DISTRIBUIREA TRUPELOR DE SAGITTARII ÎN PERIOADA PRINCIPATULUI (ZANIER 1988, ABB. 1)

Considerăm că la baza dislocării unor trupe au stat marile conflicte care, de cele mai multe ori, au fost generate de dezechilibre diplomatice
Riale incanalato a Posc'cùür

=-=-=-=-=

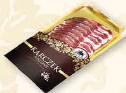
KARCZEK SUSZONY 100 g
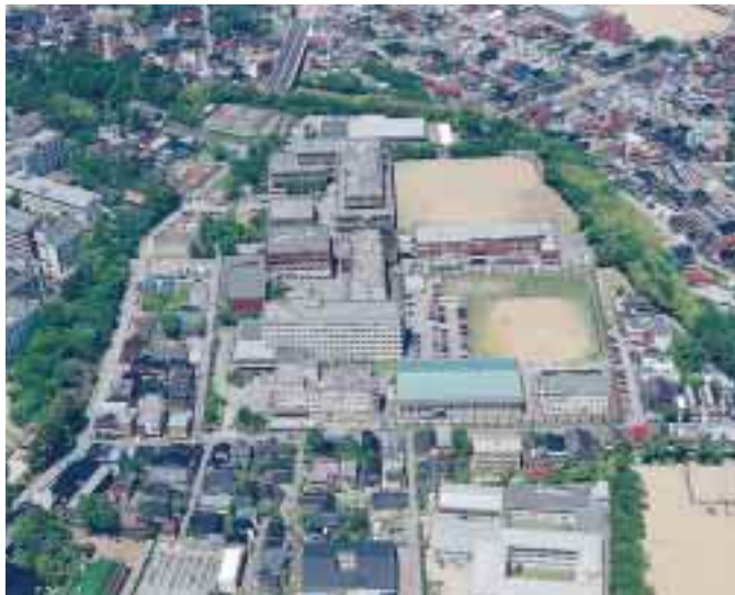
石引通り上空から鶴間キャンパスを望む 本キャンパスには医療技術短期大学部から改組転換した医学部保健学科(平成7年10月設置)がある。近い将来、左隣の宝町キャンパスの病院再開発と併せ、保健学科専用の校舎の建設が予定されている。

=-=-=-=-=

Using the entries above, return exactly the lines from the line with "Considerăm că la" to the line with "Riale incanalato a Posc'cùür", counting both of those lines.

■ Reply to the exercise ■
Considerăm că la baza dislocării unor trupe au stat marile conflicte care, de cele mai multe ori, au fost generate de dezechilibre diplomatice
Riale incanalato a Posc'cùür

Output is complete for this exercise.